Diagrammatic presentation of intrauterine insemination procedure. Semen from the male partner is washed, concentrated, and injected into the uterine cavity for in vivo fertilization. A = ovary; B = fallopian tube; C = uterine cavity; and D = a syringe attached to a catheter containing processed semen. (the diagram is modified from Serono educational pamphlet).
In vitro fertilization is a process in which ovaries are stimulated to produce more follicles. Each ovarian follicle is expected to have one egg. The eggs are retrieved and fertilized in vitro (outside the body) by the addition of the appropriate number of sperm. Figure 4 outlines the timeline for the IVF procedure. The period from point A to B takes several days depending on the protocol for ovarian stimulation. The eggs are usually collected 36 hours after administration of an injection that further grows and matures the eggs. The collected oocytes from ovarian follicles are given to the Embryology laboratory for their maintenance in appropriate culture conditions of temperature, humidity, gas, and nutrition. Usually, 3–4 eggs are placed in a petri dish and the appropriate number of processed sperm is added for IVF (Figure 5). The egg collection day is considered day-0. The fertilization is checked 16–19 hours after egg insemination and the culture is continued for up to 7 days. If the couple is undergoing fresh embryo transfer, one embryo at the blastocyst stage (day-5 to day-7) is transferred into the uterus for further growth inside the body. Extra embryos are cryopreserved for future use. The pregnancy test is performed 14 days after egg collection and the fetal heartbeat is checked from 42 to 56 days. If the embryo transfer is not successful, another attempt at frozen embryo transfer is performed after proper preparation of endometrium.
Figure 4.
Timeline for IVF or ICSI procedure starting from ovarian stimulation to the detection of fetal heartbeat.
Figure 5.
In vitro fertilization in a petri dish. Usually, 3–4 eggs are placed in a petri dish and an appropriate number of sperm is added. The fertilization is checked 16–19 hours later.
With advancements in the technology, more options are available.

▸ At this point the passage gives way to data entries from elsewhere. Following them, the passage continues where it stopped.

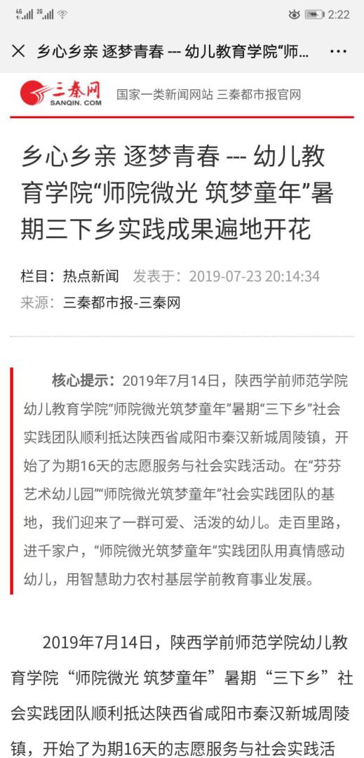 三秦都市报--三秦网2019年7月23日报道《乡心乡亲 逐梦青春---幼儿教育学院“师院微光 筑梦童年”暑期三下乡实践成果遍地开花》请点击链接查看: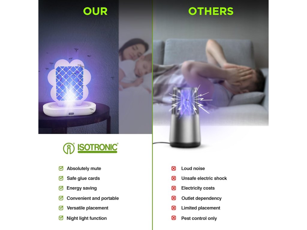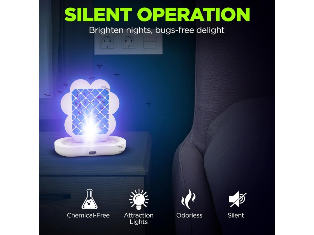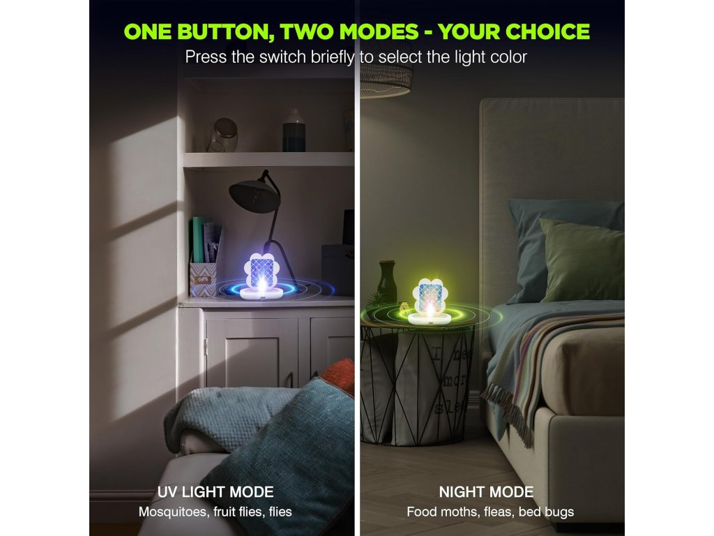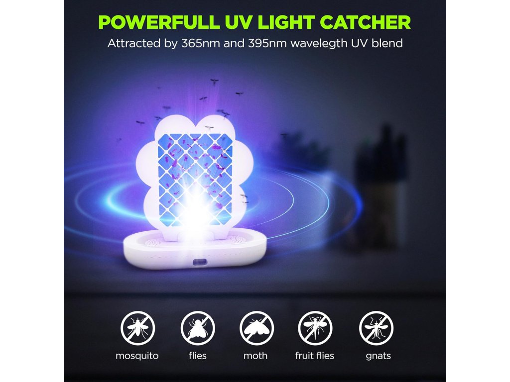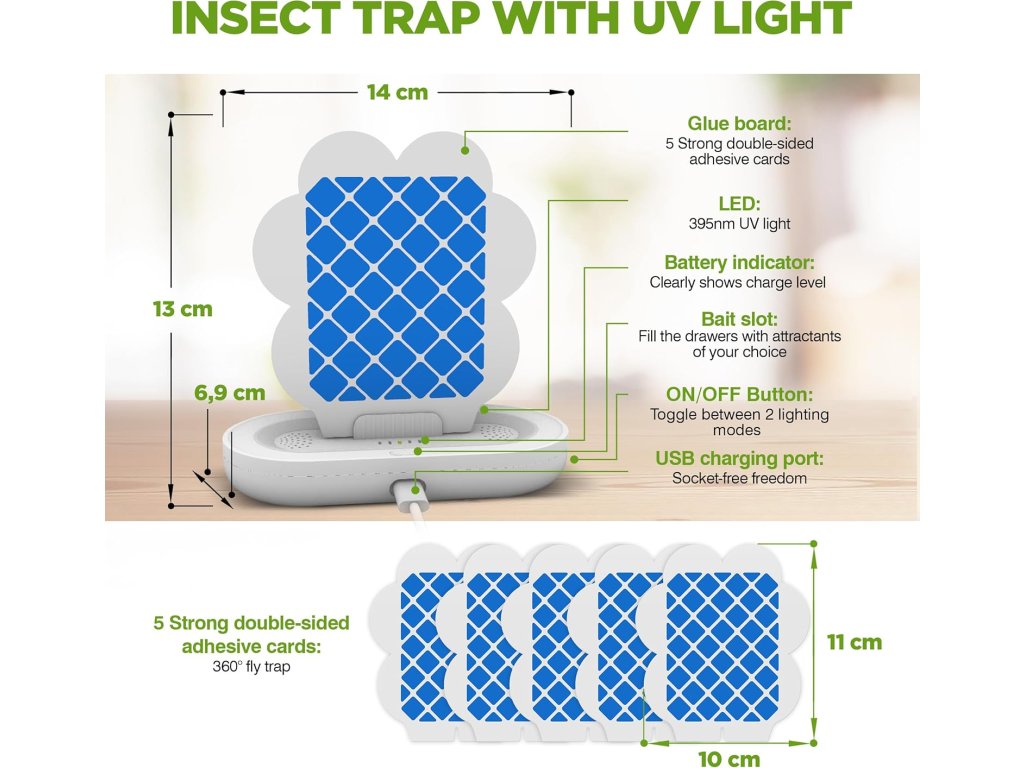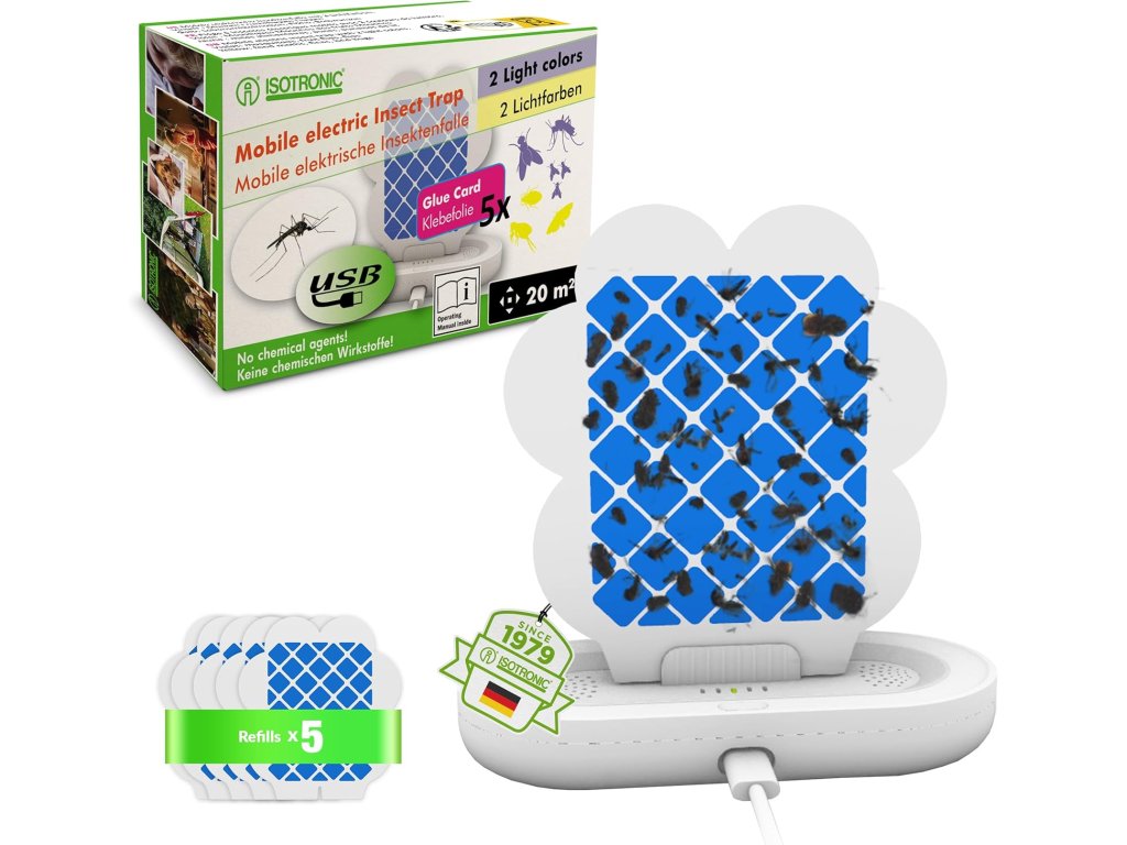 Účinný a dekoratívny pomocník do domácnosti. Tento štýlový a mobilný lapač hmyzu dvojfarebný využíva dve farebné svetlá na účinné prilákanie rôznych druhov lietajúceho hmyzu – komárov, potravinových molí, ovocných mušiek či múch. Hmyz po prilákaní zostáva prilepený na výmennej lepiacej fólii umiestnenej vo vnútri zariadenia.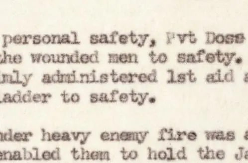In this statement, 2nd Lieutenant Kenneth L. Phillips describes how Private First Class Desmond Doss gave medical aid to men under “a vicious hail of enemy grenade and motor fire.”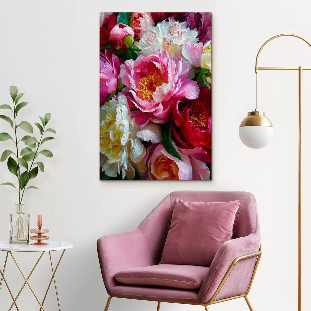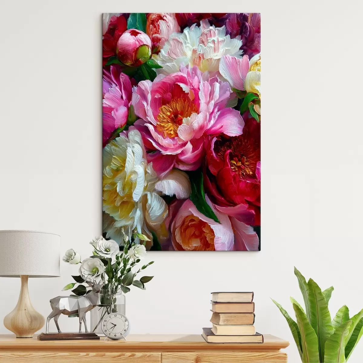 Glezna Sulīgas peonijas impasto tehnikā Nr s45595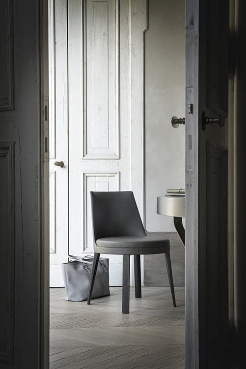 The Ponza is padded in flame-retardant polyurethane foam and upholstered in leather or fabrics from our collection. The legs supporting the back and seat are made from open-pore lacquered ash wood.The Ponza collection is the fruit of research on the subtle relationship between the softness of the leather and the warmth of the wood, narrated through a clean and simple style. The care and attention to detail define this evocative range of chairs, lounge chairs, pouffe and stool.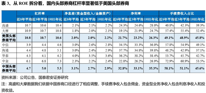 2.1. ROE拆分:杠杆率明显低于美国头部券商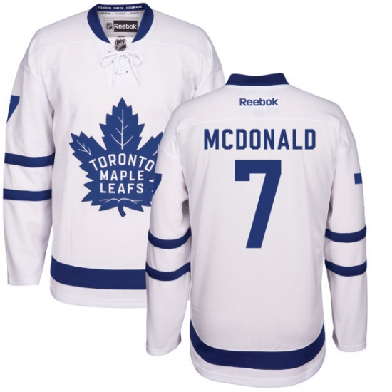 Home>NHL>Toronto Maple Leafs>Lanny McDonald>Men's Reebok Toronto Maple Leafs #7 Lanny McDonald Authentic White Away NHL Jersey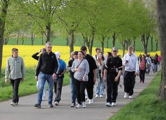 Unter dem Motto "Friede sei mit euch!" startete der Hildesheimer Bischof Dr. Heiner Wilmer SCJ zu seiner ersten diesjährigen Pilgertour mit Jugendlichen und jungen Erwachsenen im Alter zwischen 13 und 30 Jahren am Sonntagnachmittag, den 15. April 2024, um 15.00 Uhr vom Pfarrheim Gieboldehausen zum Höherberg.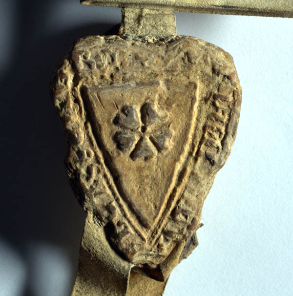 Frühes Rosensiegel der Ministerialenfamilie von Plassenberg, spätere von Guttenberg, an einer Urkunde von 1305. (Staatsarchiv Bamberg, Bamberger Urkunde 1364)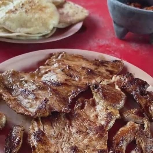 Acompañado de Arroz, Frijol, Repollo, Salsa y Tortillas
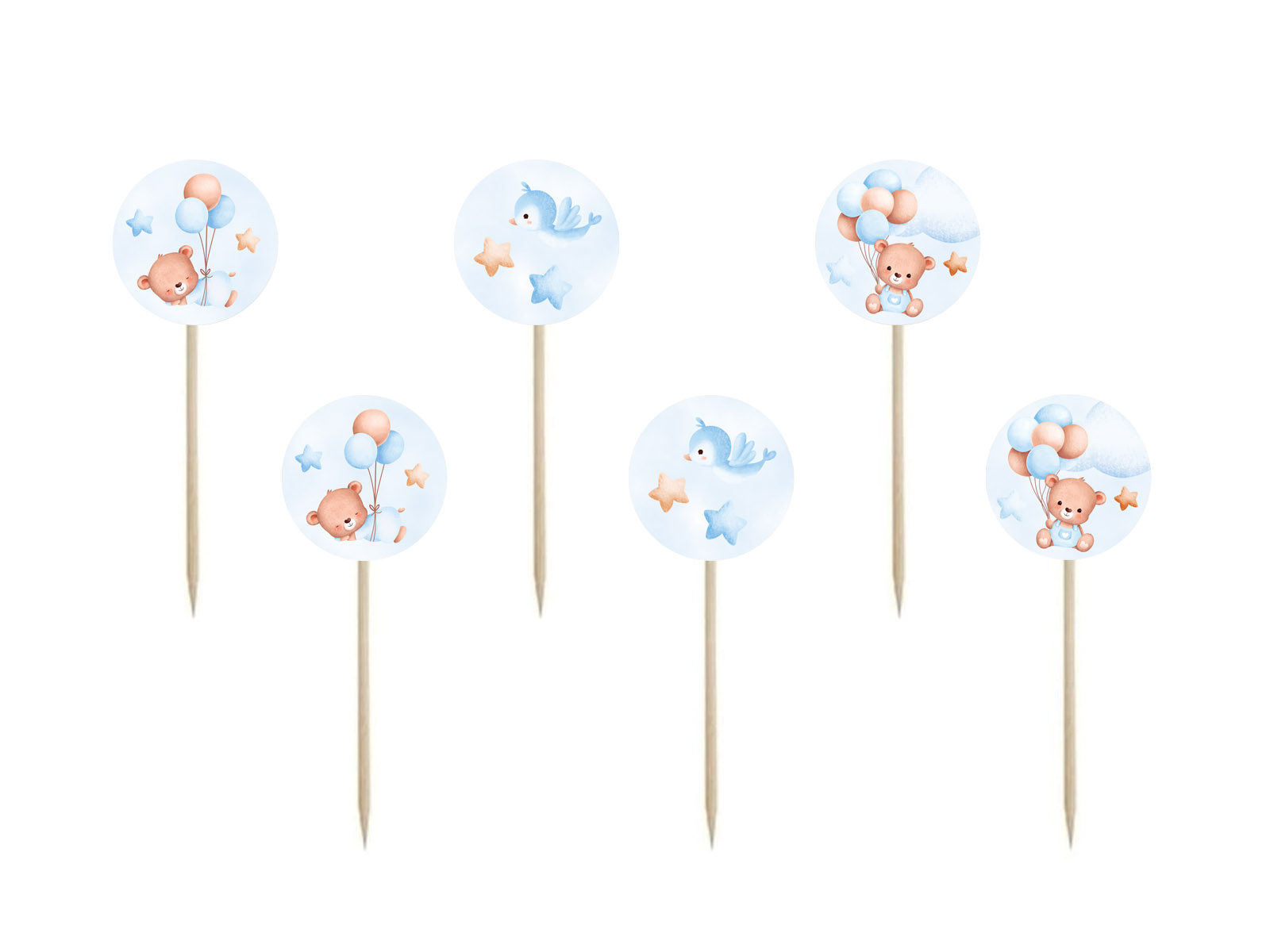 • Képek, kék színű csákányok lufikkal és mackókkal születésnapra vagy babaköszöntőre.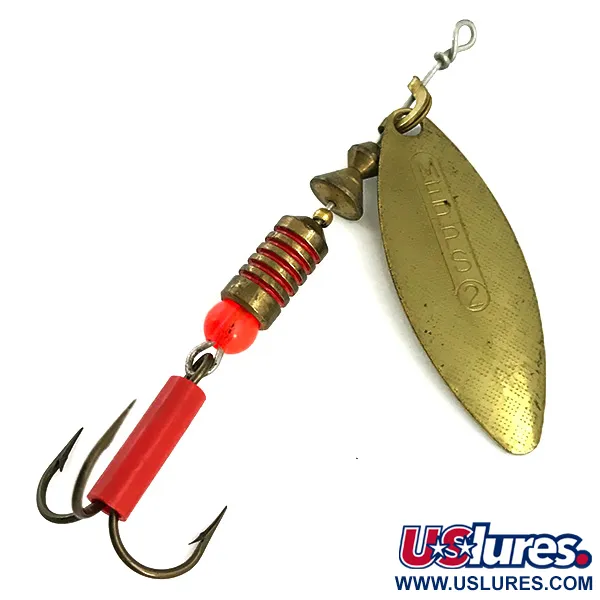 Tydligt präglat på den guldiga pilbladsskeden står orden "AGLIA LONG G MADE IN FRANCE", vilket markerar det europeiska ursprunget för denna klassiska spinnare. Denna Mepps Aglia Long 2, identifierad med produktkod 5703, väger 7,4 g (1/4 oz) och mäter 7 cm (2 3/4") i total längd. Samlare kommer att uppskatta de livfulla röda accenterna, inklusive den räfflade färgen på mässingskroppen, en enskild röd pärla och ett distinkt rött hölje som skyddar trekrokens skaft. Även om komponenterna tillverkades i Frankrike, monterades just detta exemplar i USA. Skedens smala profil är tekniskt utformad för att bibehålla en snäv rotation även i stark ström eller på större djup, vilket ger en annan visuell profil än den runda standardskeden på Aglia. I nyskick (5/5) är guldytan på skeden fortfarande blank och märkningarna är skarpa och läsbara.

These include; (1) performing embryo biopsy for genetic testing at the blastocyst stage (day-5 to day-7) and cryopreserving biopsied embryos, and (2) cryopreserving all embryos without biopsy for future use.
Depending on the quality of oocytes, sperm, or cause of infertility, about 50% of eggs fertilize. The chances of complete failed fertilization after IVF are 5–10% [21]. Couples who cannot take the risk of complete failed fertilization or want a higher number of eggs fertilized, prefer ICSI. The fertilization rate after ICSI among injected oocytes is significantly higher (72.3% ± 24.3%) than for IVF (59.2% ± 25.9%). However, complete failed fertilization still occurs after ICSI and the incidence is 1–3% [22, 23]. The good-quality embryo rate and clinical outcomes are not different between embryos from conventional IVF (16.6% ± 23.2%) and embryos from ICSI (16.6% ± 26.6%). Split fertilization (fertilizing some eggs with IVF and some with ICSI) decreases the risk of total fertilization failure. The assurance of fertilization with ICSI has gradually increased the use of ICSI [24] to the extent that many Embryology labs are performing 100% ICSI for all infertility cases.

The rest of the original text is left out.